If the insurer that issued your life, annuity, or health insurance policy becomes impaired or insolvent, you are entitled to compensation for your policy from the assets of that insurer. The amount you recover will depend on the financial condition of the insurer.

In addition, residents of Minnesota who purchase life insurance, annuities, or health insurance from insurance companies authorized to do business in Minnesota are protected, SUBJECT TO LIMITS AND EXCLUSIONS, in the event the insurer becomes financially impaired or insolvent. This protection is provided by the Minnesota Life and Health Insurance Guaranty Association.

Minnesota Life & Health Insurance Guaranty Association
750 Norwest Center
55 East 5th Street
St.Paul, Minnesota 55101
(612) 222-2799

The maximum amount the guaranty association will pay for all policies issued on one life by the same insurer is limited to $300,000. Subject to this $300,000 limit, the Guaranty Association will pay up to $300,000 in life insurance death benefits, $100,000 in net cash surrender and net cash withdrawal values for life insurance, $300,000 in health insurance benefits, including any net cash surrender and net cash withdrawal values, $100,000 in annuity net cash surrender and net cash withdrawal values, $300,000 in present value of annuity benefits for annuities which are part of a structured settlement or for annuities in regard to which periodic annuity benefits, for a period of not less than the annuitant’s lifetime or for a period certain of not less than ten years, have begun to be paid on or before the date of impairment or insolvency, or if no coverage limit has been specified for a covered policy or benefit, the coverage limit shall be $300,000 in present value. Unallocated annuity contracts issued to retirement plans, other than defined benefit plans, established under section 401, 403(b), or 457 of the Internal Revenue Code of 1986, as amended through December 31, 1992, are covered up to $100,000 in net cash surrender and net cash withdrawal values, for Minnesota residents covered by the plan provided, however, that the association shall not be responsible for more than $7,500,000 in claims from all Minnesota residents covered by the plan. If total claims exceed $7,500,000, the $7,500,000 shall be prorated among all claimants. These are the maximum claim amounts.

Coverage by the Guaranty Association is also subject to other substantial limitations and exclusions and requires continued residency in Minnesota. If your claim exceeds the Guaranty Association’s limits, you may still recover a part or all of that amount from the proceeds of the liquidation of the insolvent insurer, if any exist. Funds to pay claims may not be immediately available. The Guaranty Association assesses insurers licensed to sell life and health insurance in Minnesota after the insolvency occurs. Claims are paid from this assessment.

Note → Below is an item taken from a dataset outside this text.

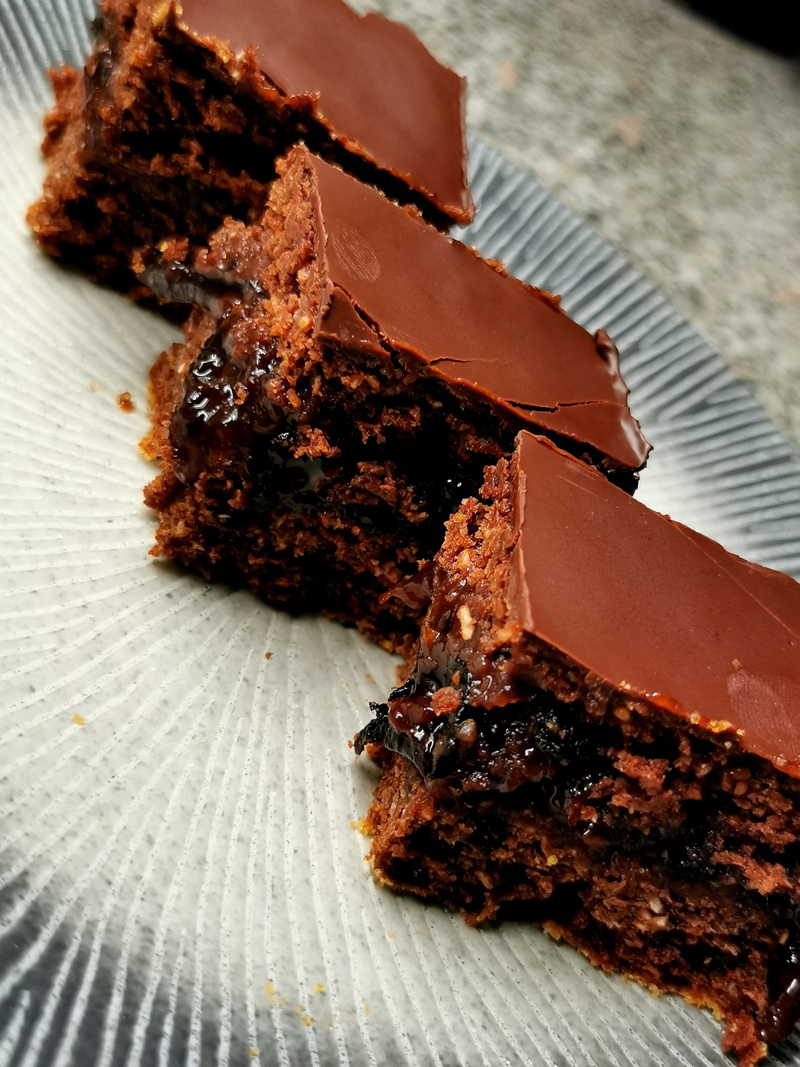 Preko ispečeno kolača prelijte glazurom od čokolade. Čokoladu usitnite i otopite sa uljem i odmah prelijte preko predhodno ohlađenog kolača. Okretanjem pleha sa kolačem u jednu, pa drugu stranu razlijte glazuru od čokolade i ostavite da se ohladi i stegne.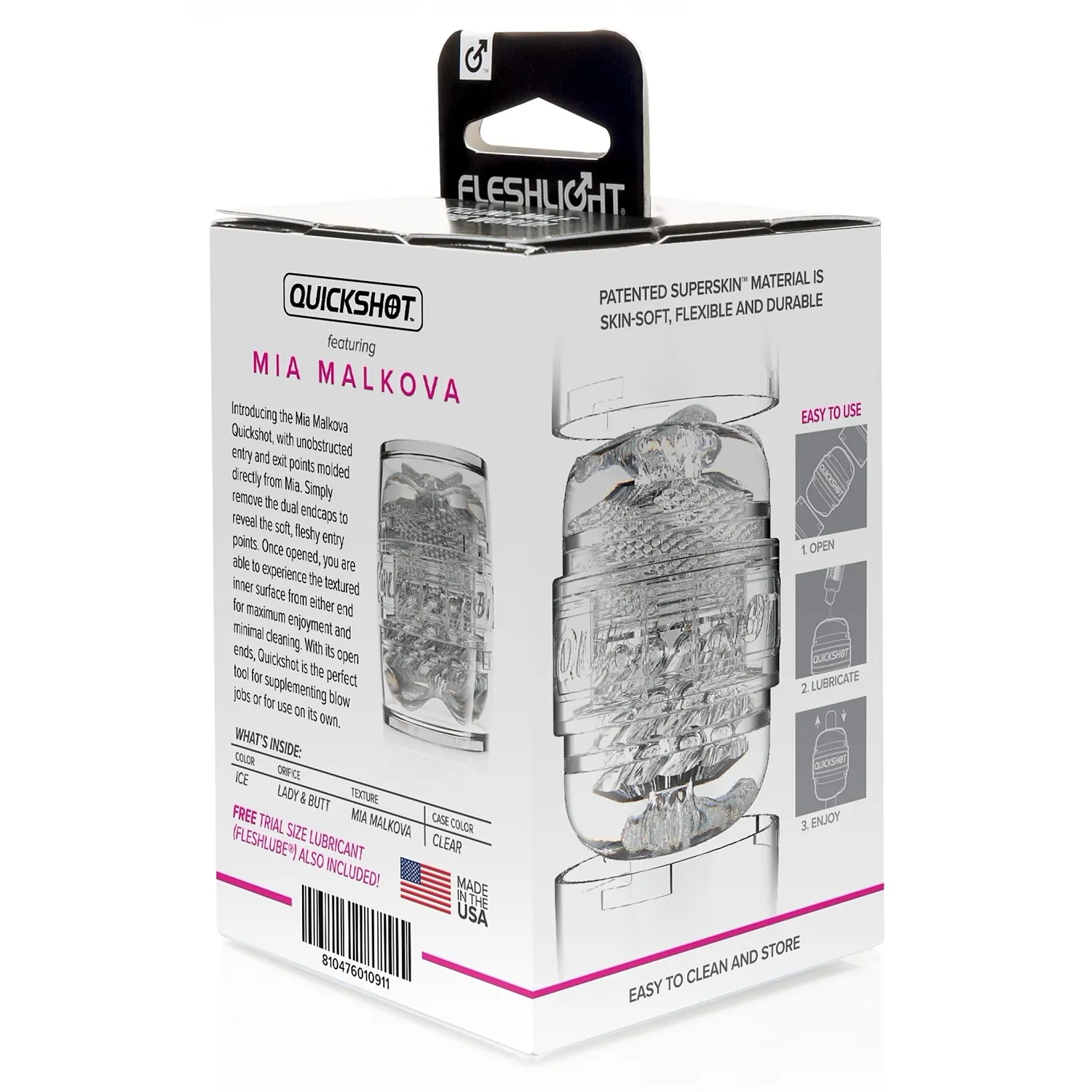 Quickshot Mia Malkova Fleshlight, compact 11 cm, cu orificii modelate după trăsăturile Miei Malkova. Miez din SuperSkin cu texturi variate pentru stimulare realistă; portabil și discret. Ușor de curățat; atenție la diametrul intern (max ~4.9 cm).

THE COVERAGE PROVIDED BY THE GUARANTY ASSOCIATION IS NOT A SUBSTITUTE FOR USING CARE IN SELECTING INSURANCE COMPANIES THAT ARE WELL MANAGED AND FINANCIALLY STABLE. IN SELECTING AN INSURANCE COMPANY OR POLICY, YOU SHOULD NOT RELY ON COVERAGE BY THE GUARANTY ASSOCIATION.

THIS NOTICE IS REQUIRED BY MINNESOTA STATE LAW TO ADVISE POLICYHOLDERS OF LIFE, ANNUITY OR HEALTH INSURANCE POLICIES OF THEIR RIGHTS IN THE EVENT THEIR INSURANCE CARRIER BECOMES FINANCIALLY INSOLVENT. THIS NOTICE IN NO WAY IMPLIES THAT THE COMPANY CURRENTLY HAS ANY TYPE OF FINANCIAL PROBLEMS. ALL LIFE, ANNUITY AND HEALTH INSURANCE POLICIES ARE REQUIRED TO PROVIDE THIS NOTICE.